The problem:
From the line containing "Smoking & Tobacco" down to the last line of the material, output each line exactly as it appears, excluding pictures.

Provided data:
####
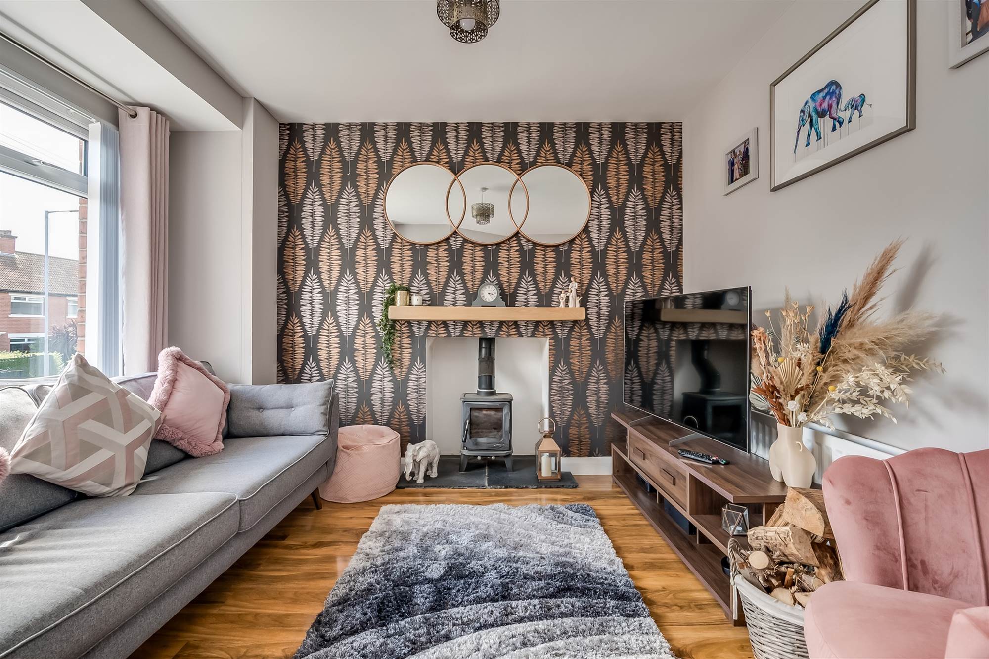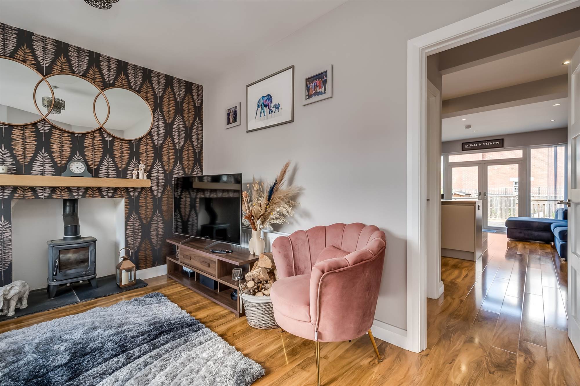 (Into bay). Heritage wood-burner on slate hearth. Floating mantle. Engineered wood flooring.
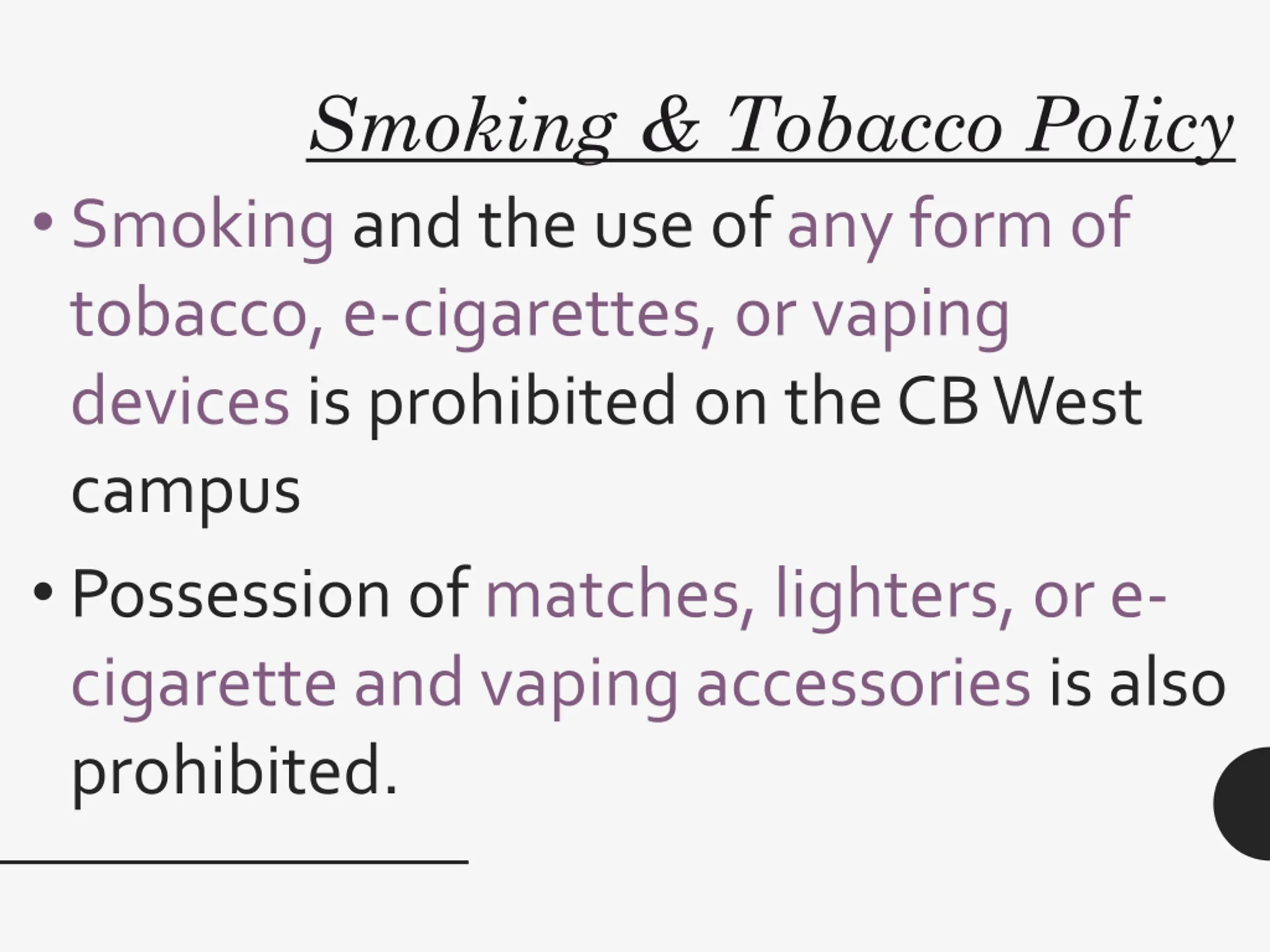 Smoking & Tobacco Policy Smoking and the use of any form of tobacco, e-cigarettes, or vaping devices is prohibited on the CB West campus Possession of matches, lighters, or e- cigarette and vaping accessories is also prohibited.
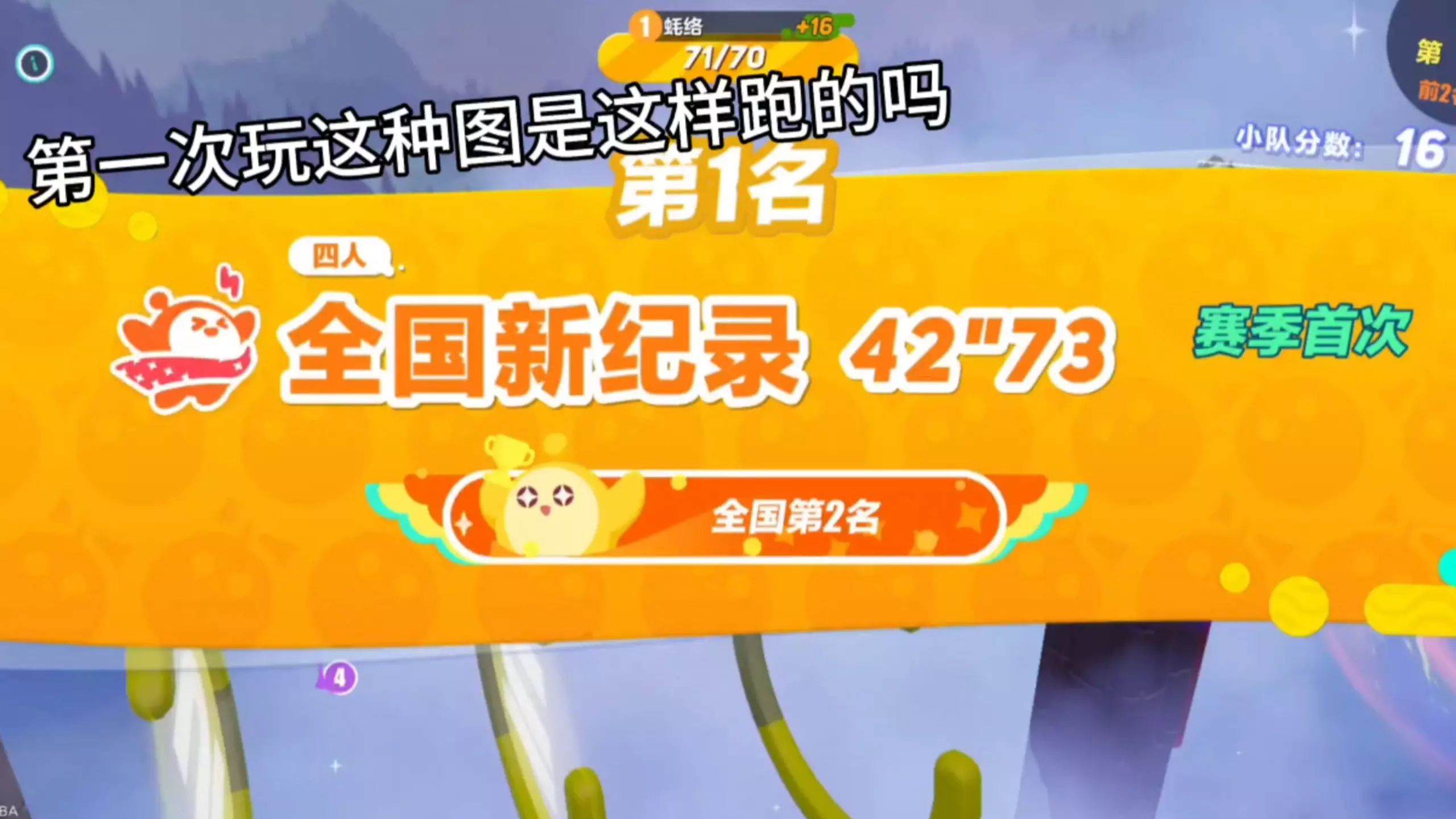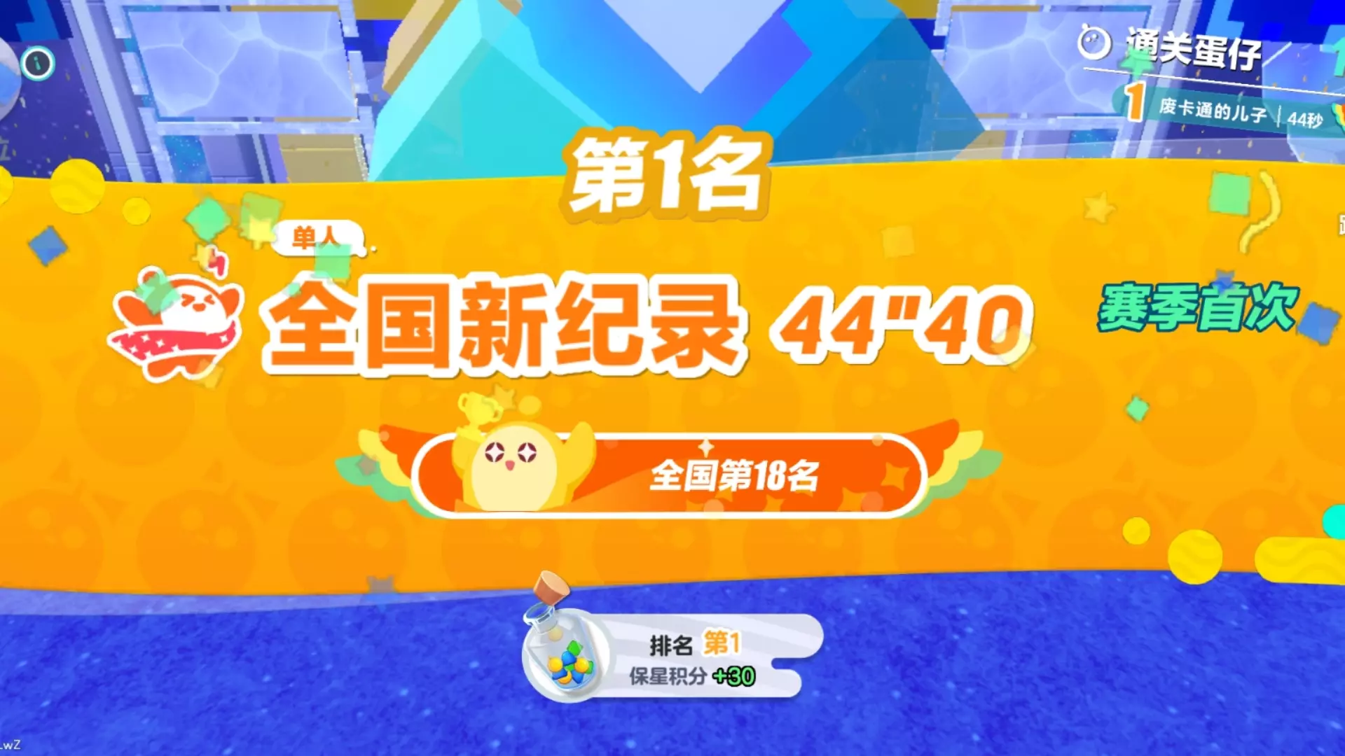 这是《蛋仔派对》的投稿内容,展示了玩家操控蛋仔在不同关卡地图中闯关,利用弹簧绳等道具,最终以32"53的成绩创下全国新纪录,拿下第一名,获得保星积分+30。
####
Response:
 Smoking & Tobacco Policy Smoking and the use of any form of tobacco, e-cigarettes, or vaping devices is prohibited on the CB West campus Possession of matches, lighters, or e- cigarette and vaping accessories is also prohibited.
 这是《蛋仔派对》的投稿内容,展示了玩家操控蛋仔在不同关卡地图中闯关,利用弹簧绳等道具,最终以32"53的成绩创下全国新纪录,拿下第一名,获得保星积分+30。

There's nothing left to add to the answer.